The banner, also called a scroll or ribbon, is the lettering carrier of Western tattooing. It is rarely the subject of a tattoo and almost always the frame for one: the strip of furled cloth that holds a name, a date, a motto, or a single word like MOM beneath a heart or across an eagle. Its visual language descends from heraldic banderoles, the ribbon scrolls that carried family mottos beneath a coat of arms, and from the speech scrolls of medieval and Renaissance art. By the early twentieth century it had become a foundational element of American traditional flash, standardized in the Bowery shops and refined by tattooers like Charlie Wagner and Sailor Jerry into a bold, readable form built to age. The banner remains one of the most common companion motifs in the trade, and its meaning is supplied almost entirely by what is written on it.

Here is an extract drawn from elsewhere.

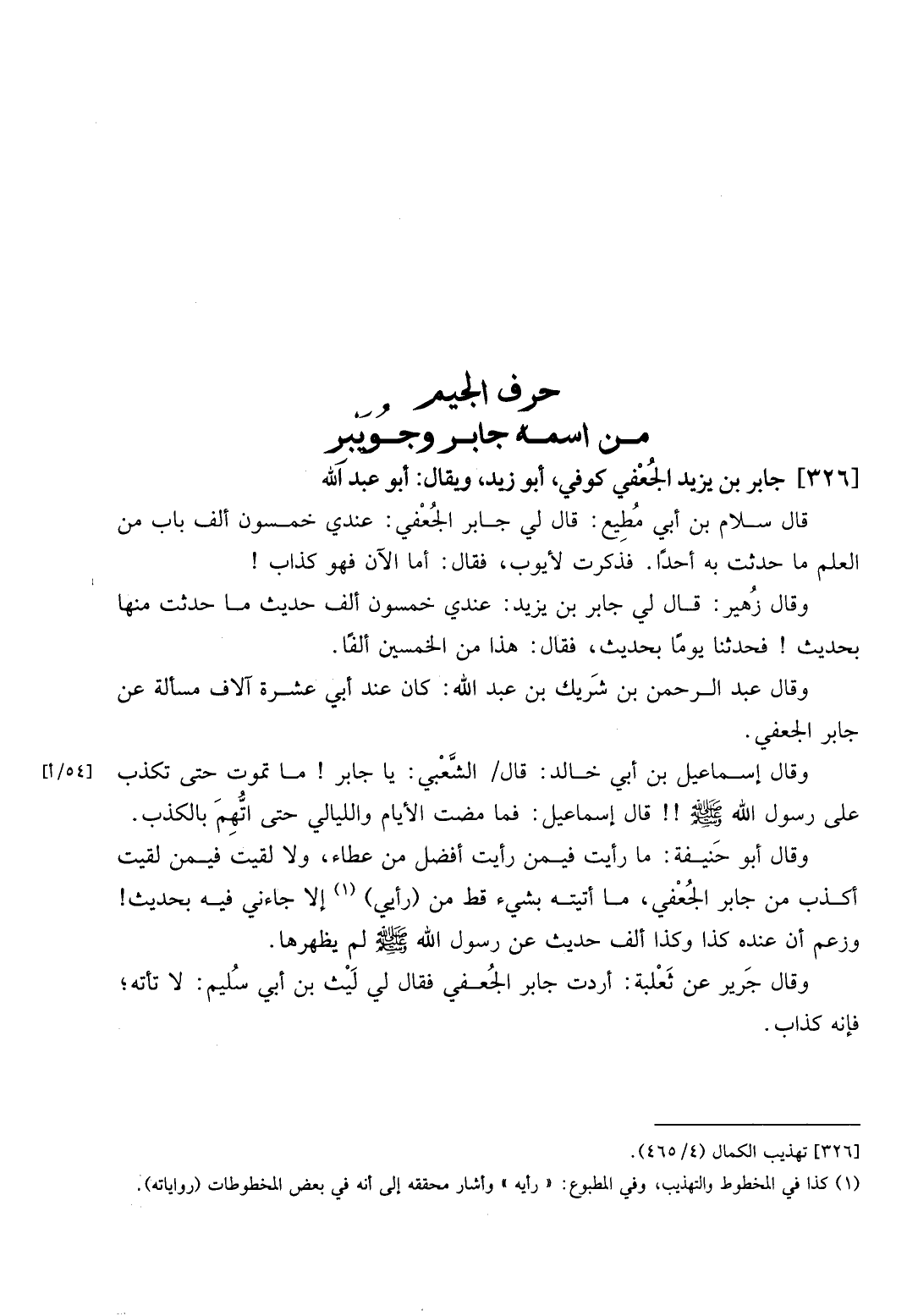 [326] جَابر بن يزِيد الْجعْفِيّ كُوفِي، أَبُو زيد، وَيُقَال: أَبُو عبد الله

What does a banner tattoo mean?

A banner tattoo does not carry a fixed meaning on its own. It is a framing device, a canvas within a tattoo design, and its meaning comes from the words it holds and the image it accompanies. A banner reading MOM beneath a heart means devotion to a mother. A banner carrying two dates beneath a portrait means remembrance. A banner with a motto across an eagle means a creed. The banner is the grammar that turns a picture into a statement. This functional, secondary role is well documented in general histories of tattooing and is the reason the banner appears across nearly every Western tattoo style.

Where did the banner tattoo come from?

The tattoo banner draws on two older visual traditions. The first is heraldry, where a ribbon-like scroll called a banderole or escroll carried a family motto beneath a coat of arms. The second is the speech scroll of medieval and Renaissance art, the furled parchment streamer used to carry inscriptions, prophetic text, or the words of angels in painting and manuscript illumination. Both traditions established the convention of a strip of cloth or parchment that exists to hold text. Western tattooers inherited that convention and applied it to skin. By the early twentieth century the banner had become a standard component of American flash, where it served the practical purpose of anchoring an image to a specific name, date, or phrase.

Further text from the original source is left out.